The story Mercedes spent the first half of 2026 batting away has now landed firmly on the front pages. Sky Italy reported on May 25 that Max Verstappen is open to a switch and that talks between his camp and Mercedes have intensified, with the most striking visual evidence captured at the Canadian Grand Prix itself.
On Thursday in Montreal, Jos Verstappen was photographed in extended conversation with Mercedes principal Toto Wolff outside the team's hospitality unit. The image circulated quickly. Sky Sports' Craig Slater devoted broadcast time to it. Inside the Mercedes garage, the meeting was characterised as casual; in the Red Bull camp, team principal Laurent Mekies was left to manage the fallout.
"It was completely natural," Mekies told reporters after the race, noting that Max had raced a Mercedes GT3 entry at the Nurburgring 24 Hours the previous weekend. The implication - that any conversation between the two camps would naturally cover that sportscar programme - did not stick.
Verstappen himself did nothing to support his team principal's framing. Asked about his future in the Montreal media pen, the four-time world champion offered a now widely-quoted line that the rest of the grid is reading carefully.
"That kind of decision doesn't have to be made today or tomorrow," Verstappen said.
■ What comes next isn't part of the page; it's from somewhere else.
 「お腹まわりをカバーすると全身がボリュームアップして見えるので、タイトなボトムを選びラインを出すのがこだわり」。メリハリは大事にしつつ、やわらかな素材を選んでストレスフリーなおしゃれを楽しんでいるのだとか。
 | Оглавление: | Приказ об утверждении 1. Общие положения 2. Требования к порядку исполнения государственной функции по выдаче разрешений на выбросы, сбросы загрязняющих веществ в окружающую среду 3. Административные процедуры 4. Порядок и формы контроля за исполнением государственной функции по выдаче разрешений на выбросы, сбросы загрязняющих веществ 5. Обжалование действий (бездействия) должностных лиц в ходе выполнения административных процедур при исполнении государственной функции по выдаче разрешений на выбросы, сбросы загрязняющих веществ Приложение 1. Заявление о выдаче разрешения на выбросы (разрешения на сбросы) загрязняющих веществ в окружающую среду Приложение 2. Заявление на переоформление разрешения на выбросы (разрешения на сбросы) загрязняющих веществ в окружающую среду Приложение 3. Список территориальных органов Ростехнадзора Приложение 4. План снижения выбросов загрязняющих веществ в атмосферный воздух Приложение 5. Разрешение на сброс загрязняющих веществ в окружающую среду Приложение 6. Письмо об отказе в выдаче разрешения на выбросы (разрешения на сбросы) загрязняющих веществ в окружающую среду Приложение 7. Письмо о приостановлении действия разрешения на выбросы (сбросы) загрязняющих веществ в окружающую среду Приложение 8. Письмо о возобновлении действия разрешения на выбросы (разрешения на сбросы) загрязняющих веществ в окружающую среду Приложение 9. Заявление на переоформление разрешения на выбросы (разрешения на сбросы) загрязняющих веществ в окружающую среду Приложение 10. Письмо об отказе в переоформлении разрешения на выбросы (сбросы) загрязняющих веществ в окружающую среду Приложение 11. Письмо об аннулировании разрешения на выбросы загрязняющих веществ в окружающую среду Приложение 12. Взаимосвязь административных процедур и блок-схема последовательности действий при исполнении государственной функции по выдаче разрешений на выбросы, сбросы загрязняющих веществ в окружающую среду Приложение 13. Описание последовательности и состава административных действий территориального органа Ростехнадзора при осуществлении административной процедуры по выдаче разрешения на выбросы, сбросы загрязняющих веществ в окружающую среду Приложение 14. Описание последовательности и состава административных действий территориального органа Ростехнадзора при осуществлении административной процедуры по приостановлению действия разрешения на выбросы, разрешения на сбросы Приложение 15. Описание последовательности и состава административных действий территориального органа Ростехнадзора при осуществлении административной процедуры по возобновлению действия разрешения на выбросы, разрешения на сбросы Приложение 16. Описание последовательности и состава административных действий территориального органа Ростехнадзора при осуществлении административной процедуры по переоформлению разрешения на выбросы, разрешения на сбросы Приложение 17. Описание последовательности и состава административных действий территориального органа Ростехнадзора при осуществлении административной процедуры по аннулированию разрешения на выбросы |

His Red Bull deal nominally runs to 2028 but contains a performance-based exit clause that reactivates for 2027. Sitting seventh in the championship after the Canadian round, Verstappen has been openly critical of his car all season, calling it "horrendous" on race radio and complaining that team set-up advice he gave was ignored to prove a point. The driver is not behaving like someone preparing to renew quietly.
Wolff, meanwhile, made his own contribution to the news cycle 24 hours later. Speaking on French broadcaster Canal Plus on May 26, the Mercedes principal effectively named 19-year-old Kimi Antonelli as his championship-in-waiting.
"I do not think he can lose control of the championship," Wolff said.
That endorsement is significant because Wolff's nominal lead driver, George Russell, has been the public face of Mercedes' campaign since pre-season. Russell retired from the Canadian Grand Prix lead with a battery failure on lap 30 - his fifth troubled weekend in a row - and conceded in the immediate aftermath that something has been working against him since round one.
If a Verstappen-Antonelli line-up for 2027 is the destination Wolff has been mapping, the political groundwork is already done. Antonelli is the championship leader. Russell is, increasingly, the variable. And Jos Verstappen has now been photographed at Mercedes hospitality.
Monaco is the next data point. A Russell home win that derails Antonelli would interrupt the narrative; anything else and the next round of paddock conversations will assume the Verstappen-Mercedes story is moving on its own momentum.